I spend a shocking amount of my life trying to untangle to web of Brett Favre man-love that the mainstream media has spun around the average football fan. Between this column, my website, and any radio that I do, I try to preach the following doctrine: Favre has been overrated since his days as a Falcon. He throws too many interceptions and has cost his teams as many big games as he’s won. He had some great years in the late nineties, but since then, he is more of the problem than he is the solution. Yet, people in our line of work make excuses for him every day because he’s weaved this “good ol’ boy” persona that the middle of this country loves.
In last week’s column, I listed who I thought the top eleven quarterbacks in the NFL are, and it made some waves. Some people agreed with me, and most didn’t, but the thing I was happiest about was that no one brought up number four. I felt vindicated.

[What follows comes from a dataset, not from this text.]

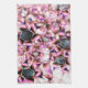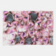 Hexagons surrounded by pinkish petal-like shapes tea towel
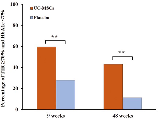 TIR≥70%和HbA1c<7%的患者比例。与安慰剂组相比,脐带-间充质干细胞组有更多的患者在9周和48周时都达到了TIR≥70%和HbA1c<7%的血糖控制目标。

But, that’s the worst part about this guy. He won’t go away. Every single time I think that I’ve convinced people that he’s awful, he’s got to go and do something like this.
This week, I sat through the entirety of Favre’s pedestrian performance against a good 49ers defense. In fact, I would go as far as to say that he had become a middle man between the center and “Purple Jesus” Adrian Peterson. He routinely missed on key third downs that could have put San Francisco away much earlier in the game. After all, Favre has always been sub-par on third down because he’d rather throw it down the field and miss than take the safe completion and move the chains.
On that final drive, Favre still hadn’t been anything special. He was dinking and dunking against a prevent defense and it looked like the clock would inevitably run out on him. Going into that last play, he was 23-of-45 with 269 yards, a touchdown and an interception. He had a quarterback rating of 67, for what that’s worth.
Then, he rolls away from pressure and throws a heave downfield moments before defensive end Manny Lawson ate his soul. A play where Niners coach Mike Singletary decided to rush only three and allow Favre all the time in the world to throw. This heave that should have been intercepted had safety Mark Roman not practically had a seizure in front of the receiver that he should have been covering. A heave to a receiver that had recently been signed because of his ability on special teams. This heave that made him a national hero again.
Within moments, Favre’s face was the on the front page of every major website. The world loved number four all over again. Now, I have to mention his 311 career interceptions. I have to mention his playoff failures that almost exactly match his playoff successes. I have to mention that he isn’t the reason that Vikings were even in that game; the run defense that allowed only 58 yards on 26 rushes was.
Just when I thought I was done, Brett had to pull me back in.